Cosmo’s gaze sharpened at that. It seemed I held a piece of information he wasn’t pleased I’d gotten.

“Who told you that?” he asked, which I noted wasn’t a denial.

“Olympia,” I replied.

“Impossible. My men retrieved her early this morning where she’d crawled down onto the Third to recover from her wounds. She couldn’t have come to tell you anything.”

“I didn’t say she had.”

He frowned at me, clearly unhappy about my vague indications that I knew more than he thought and wasn’t willing to tell him how. For a moment, we simply glared at one another, neither of us willing to give up the ground necessary to progress the conversation at hand.

“A son of the First Ring is dead, Milo,” Cosmo said slowly after a moment of silence. “Blood spilled means blood owed, you know that.”

“She defended herself,” I argued.

“I suppose we’ll let the Tribunal decide that. Unless, of course, you intend to reconvene your blasphemous little council to see to your cousin’s fate? I don’t think you’ll find the minor houses as agreeable to that as they were before.”

His gaze narrowed in an attempt at intimidation that had me clenching my jaw to keep from exploding and telling the vile old man exactly what I’d always thought of him. Instead, I maintained my composure long enough to give a curt nod.

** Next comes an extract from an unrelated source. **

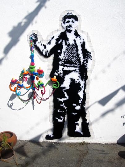 The other change taking place is that yarnbombing is no longer just about knit and crochet; this stunning piece, "Man with Chandelier", incorporates rug-hooking.
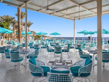 Ресторан – для Египта, просто супер. Да, ассортимент по сравнению с другими отелями этой же сети – скромнее, но выбор есть и все вкусно. Поварам – респект! Как совет, не оставляйте еду на столах без присмотра. Или ее уберут официанты, или утащат вороны) К слову сказать, официанты нацелены только на уборку столов. С одной стороны, это хорошо и всегда есть свободные столики (сервируют быстро), а с другой стороны, за напитками проще сходить к бару т.к. банально, можно не дождаться официанта.

“We’ll convene the original Tribunal, then,” I agreed. “When?”

“Five days.”

“Five—you intend to keep my cousin wrongfully imprisoned for five days?”

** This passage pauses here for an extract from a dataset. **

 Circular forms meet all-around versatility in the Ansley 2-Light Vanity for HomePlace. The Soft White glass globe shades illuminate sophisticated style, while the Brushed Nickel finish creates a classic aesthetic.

“Wrongfully is yet to be determined. As I said, it isn’t safe to let her roam the streets. What if she were to come after yet another member of my family?”

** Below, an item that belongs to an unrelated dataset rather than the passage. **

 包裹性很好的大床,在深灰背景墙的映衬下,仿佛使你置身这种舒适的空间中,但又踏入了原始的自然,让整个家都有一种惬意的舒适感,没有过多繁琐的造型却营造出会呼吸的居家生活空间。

Every muscle in my body was rigid as I glared down at the Viper Patriarch who seemed to have an answer for everything.

“You’ll allow us to see her,” I demanded. I would not take no for an answer on this. “Every day. You’ll let us visit her to ensure she’s being treated properly while in your care.”

“You may visit her once a day,” Cosmo allowed, gesturing between Pax and I. “One of you and no one else.”

I frowned but agreed with a nod. It was likely the best offer I was going to get and, since my cousin had wasted no time turning herself into the Vipers, she hadn’t left me very many bargaining chips to offer in our negotiations.

He already held her here, condemned for a crime I was certain she’d committed, surrounded by angry members of the victim’s family who’d be all too happy to slit her throat themselves.

I needed to tread carefully here. As much of a risk that this was to the peace of the city itself, it was a question of my cousin’s own safety.

I had no intention of mourning my own loss if I could help it.

“We’ll see her now, then,” I announced, raising my head high though fully aware I’d lost this round miserably.

Cosmo grinned fiendishly back at me, eyes alight with the same understanding, before nodding once to his daughter who stepped forward to escort us to my cousin’s cell.